> **Task objective**
Below are the records; repeat exactly their lines between the line holding "Here at Sherazade, the" and the line holding "Linking • The", inclusive, skipping the pictures.

*** Task data ***

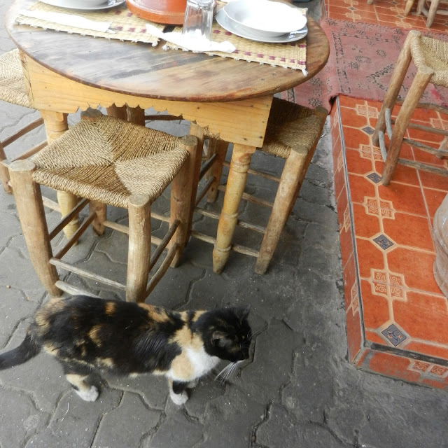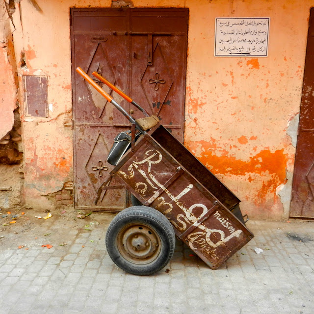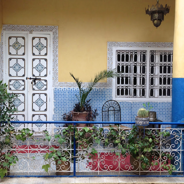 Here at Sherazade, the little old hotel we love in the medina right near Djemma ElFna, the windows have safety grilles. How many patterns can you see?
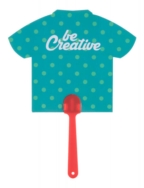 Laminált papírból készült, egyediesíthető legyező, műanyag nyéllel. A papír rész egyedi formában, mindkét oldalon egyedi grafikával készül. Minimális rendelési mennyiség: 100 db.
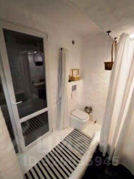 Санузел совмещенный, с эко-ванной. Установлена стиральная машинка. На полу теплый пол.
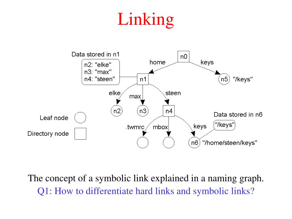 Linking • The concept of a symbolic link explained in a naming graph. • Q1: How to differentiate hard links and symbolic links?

*** End of Task data ***
*** Task data ***

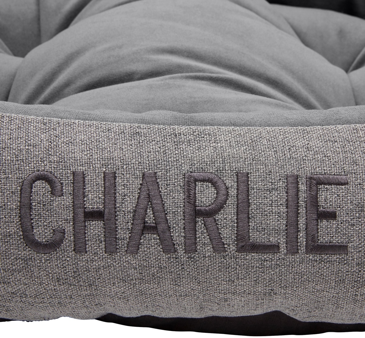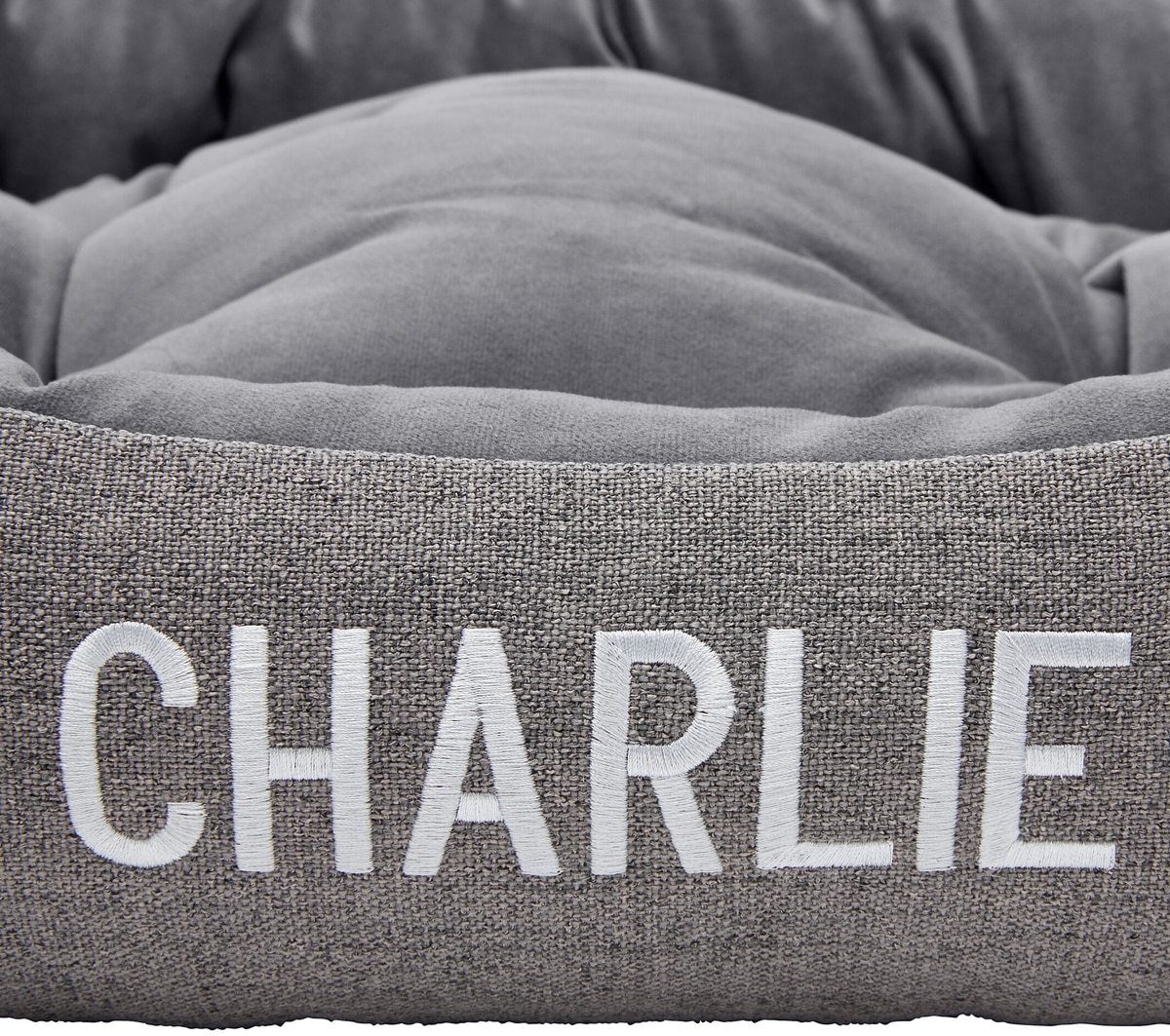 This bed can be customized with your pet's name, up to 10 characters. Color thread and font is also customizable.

*** End of Task data ***

> **Final answer**
 Here at Sherazade, the little old hotel we love in the medina right near Djemma ElFna, the windows have safety grilles. How many patterns can you see?
 Laminált papírból készült, egyediesíthető legyező, műanyag nyéllel. A papír rész egyedi formában, mindkét oldalon egyedi grafikával készül. Minimális rendelési mennyiség: 100 db.
 Санузел совмещенный, с эко-ванной. Установлена стиральная машинка. На полу теплый пол.
 Linking • The concept of a symbolic link explained in a naming graph. • Q1: How to differentiate hard links and symbolic links?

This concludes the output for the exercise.